There is
something disquieting and unwholesome about telecoms feeding our
communications to government agencies. It was headline news, again,
last month when we learned that AT&T has had a longstanding
partnership with the National Security Agency. Unfortunately, this
form of private-public intelligence collusion is neither new nor, in
my view, illegal. Whether it is immoral is an entirely separate
question.
U.S.
communications carriers first became partners in the intelligence
game shortly after World War I. Diplomatic and military affairs
transmitted via telegram to home countries were intercepted and
decrypted by the Black Chamber, the NSA’s precursor. Obtaining
telegrams then was eerily similar to how communications are obtained
today: The government simply asked.
The Western
Union Telegraph Company and the Postal Telegraph Company allowed
intelligence officers to copy telegrams, and this partnership
persisted in peacetime. In 1929, however, Secretary of State Henry
Stimson defunded the Black Chamber. His concise, and seemingly naïve,
rationale reportedly being: “Gentlemen do not read each other’s
mail.”
World War II
exigencies overruled Stimson’s moral objections and the United
States resumed telegram interception. Starting in 1945, just after
the end of the war, this interception widened, and Western Union,
RCA, and ITT provided the government, via the NSA and its
predecessors the Army Security Agency and the Armed Forces Security
Agency, with paper tape, microfilm, and later magnetic tape copies of
most international telegrams. This continued unabated for decades
after the war and was known as Project SHAMROCK.
NSA shared
this data with law enforcement, including the FBI and Secret Service.
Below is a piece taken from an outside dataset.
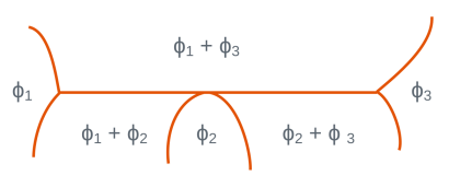 Local configuration of the diagram | \(\phi_1\) | \(\phi_2\) | \(\phi_3\) | Reaction or transformation |
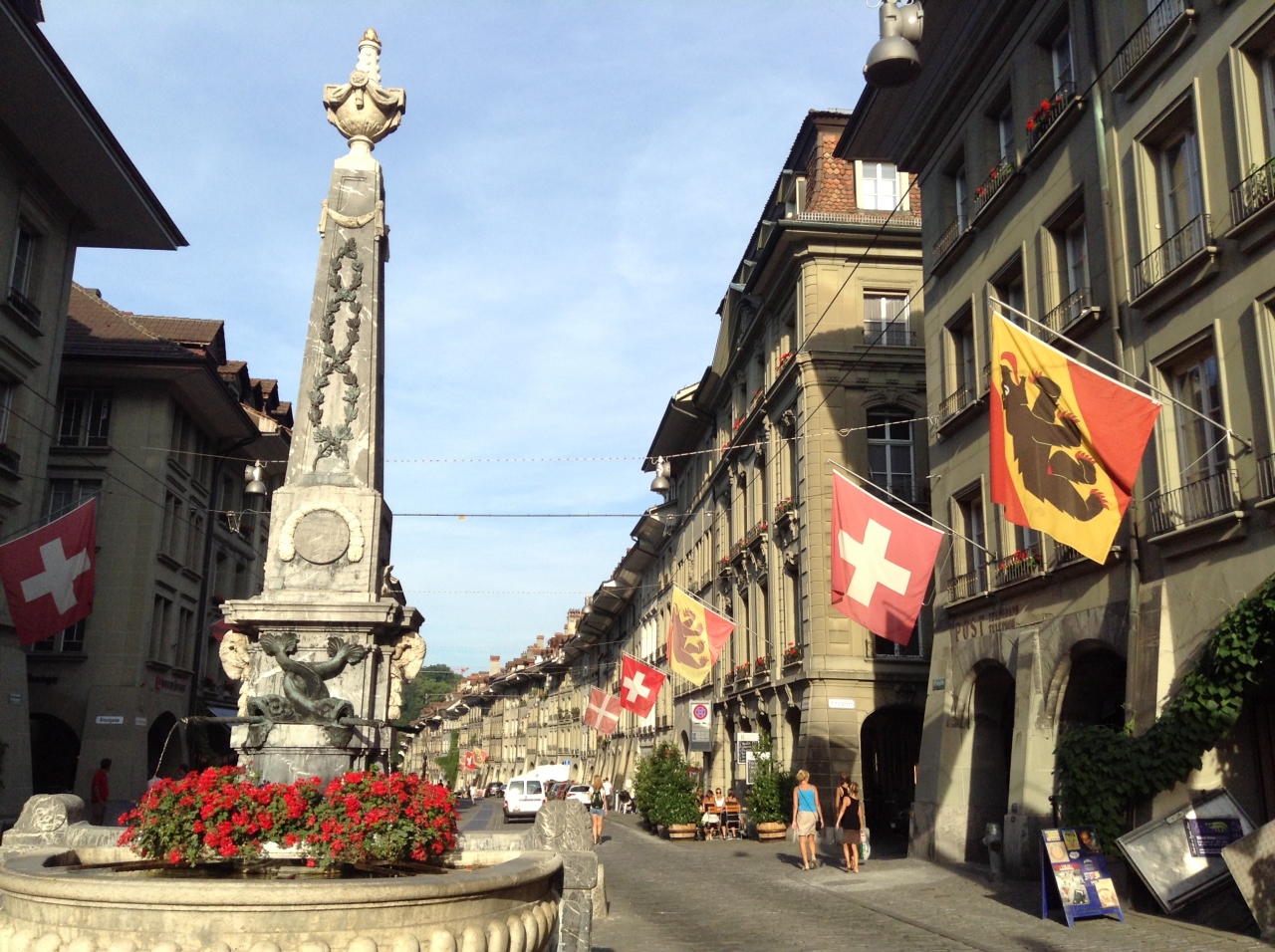 石畳の道、その道の真ん中にいくつもある歴史のある噴水、アーケード、はためく旗、レストランのテラスのテーブルセッティングに至るまで、おしゃれでいい雰囲気です。かつては倉庫だった半地下のお店やその扉も素敵。ヨーロッパの主な町の中でも、特にいいと思います。

Project SHAMROCK, however, suffered from classic function creep, the
gradual extension of a system beyond the purposes for which it was
conceived. In the 1960s and 1970s, names of American citizens and
organizations were added to watch lists. Anti-war activists, Martin
Luther King Jr., Muhummad Ali, and Jane Fonda were among the nearly
1,700 U.S. individuals and organizations targeted for domestic
surveillance. This was known as Project MINARET.